Lors de l'audition, dans le panel consacré à la mise en place ou non d'un système contraignant, Adam Singer, directeur général des sociétés de gestion des droits d'auteur MCPS/PRS, a souligné que l'évolution des technologies bouleverse l'ordre établi en matière de gestion des droits d'auteur et que les sociétés de gestion doivent s'adapter et être encouragées. Pour lui, il faut rechercher le « meilleur modèle » et il est difficile à l'heure actuelle de déterminer s'il faut un système souple ou contraignant: « Je veux un marché ouvert mais qui ne détruise pas la création », a-t-il souligné.

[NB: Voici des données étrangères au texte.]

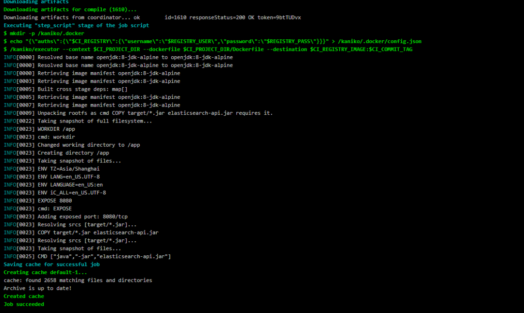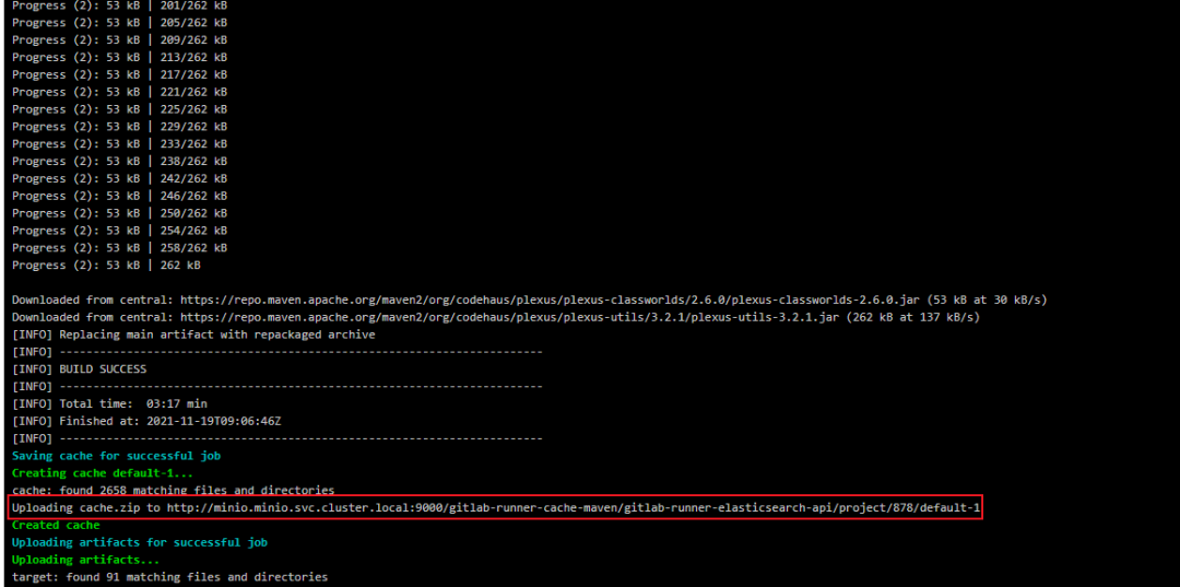 第一次 Pipeline 在 compile 阶段会比较慢,因为编译项目时需要从公网下载依赖,在编译完成以后会将 cache 目录中的依赖压缩打包后上传到 Minio,等到下一次编译就可以直接拿来使用,避免重复去公网下载,速度会加快不少。

Pour la directrice des affaires institutionnelles et européennes chez Vivendi, Sylvie Forbin, l'intérêt de toute la chaîne suivie par l'œuvre musicale, du créateur au consommateur, est de voir décoller les offres légales de musique en ligne ; or, le système actuel d'octroi de licence est parfois, pour l'utilisateur commercial, un parcours du combattant. Elle n'est pas favorable à une législation contraignante car le marché est encore immature, et juge intéressant, pour le moment, de se fonder sur les instruments existants (recommandation de la Commission, règles de concurrence, etc.).

Dans le panel sur les effets d'un système plus concurrentiel sur la diversité culturelle, Doris Pack (CDU) a estimé que la recommandation de la Commission commence à produire ses effets et que le marché est en train de s'organiser en conséquence. Mme Pack n'est « pas très heureuse » des conclusions des experts sur lesquelles s'est fondée la Commission pour élaborer sa recommandation. Seulement l'aspect commercial a été pris en compte, déplore la chanteuse grecque (et ancienne parlementaire européenne) Nana Mouskouri, pour qui l'Europe s'engage dans la mauvaise voie en établissant un système comparable au système américain qui met en péril la diversité culturelle et pénalise les artistes moins connus et les petits répertoires. Fruzsina Szép, directrice de Music Export Hungary (qui fait la promotion de la musique hongroise dans le monde), a mis l'accent sur l'importance de créer des liens avec d'autres partenaires en Europe centrale. Pour Cees Vervoord, directeur de Buma, société de collecte des droits néerlandaise, la recommandation de la Commission mènera à la banqueroute, les petites maisons d'édition se faisant écraser par les grands de la musique anglo-saxonne. Tous les répertoires doivent être accessibles et la diversité culturelle doit être protégée, a-t-il martelé, en invitant le parlement à envoyer un « message clair ». Même réaction de la part de Pia Raug, présidente du CIAM (Council of Authors and Composers of Music) qui demande au Parlement d'œuvrer pour empêcher la domination de quelques multinationales. Il faut arriver à un équilibre entre les grands et les petits gestionnaires de droits tout en assurant la protection contre la piraterie sur internet, a affirmé Manolis Mavrommatis en conclusion.

Le dernier panel s'est préoccupé de l'équilibre à trouver entre un système de licence national ou européen. Le représentant de la société allemande des droits d'auteur GEMA, Harald Heker, a indiqué que la GEMA octroie déjà des licences transfrontalières et a salué la recommandation de la Commission pour la gestion collective et transfrontalière des services de musique on-line légaux. Notre objectif est d'apporter une contribution essentielle au développement du marché on-line européen, a-t-il affirmé. Massimo Baldinato, de l'AFI (Associazione dei Fonografici Italiani), peut imaginer une licence paneuropéenne accordée par une société européenne chargée de récolter les droits dans l'ensemble des Etats membres, tout en garantissant la protection de la diversité culturelle. Selon Cornelia Kutterer, du Bureau européen des unions de consommateurs (Beuc), « pour arriver à un marché paneuropéen, il est nécessaire d'avoir une législation européenne qui tienne compte de tous les protagonistes, y compris les consommateurs ».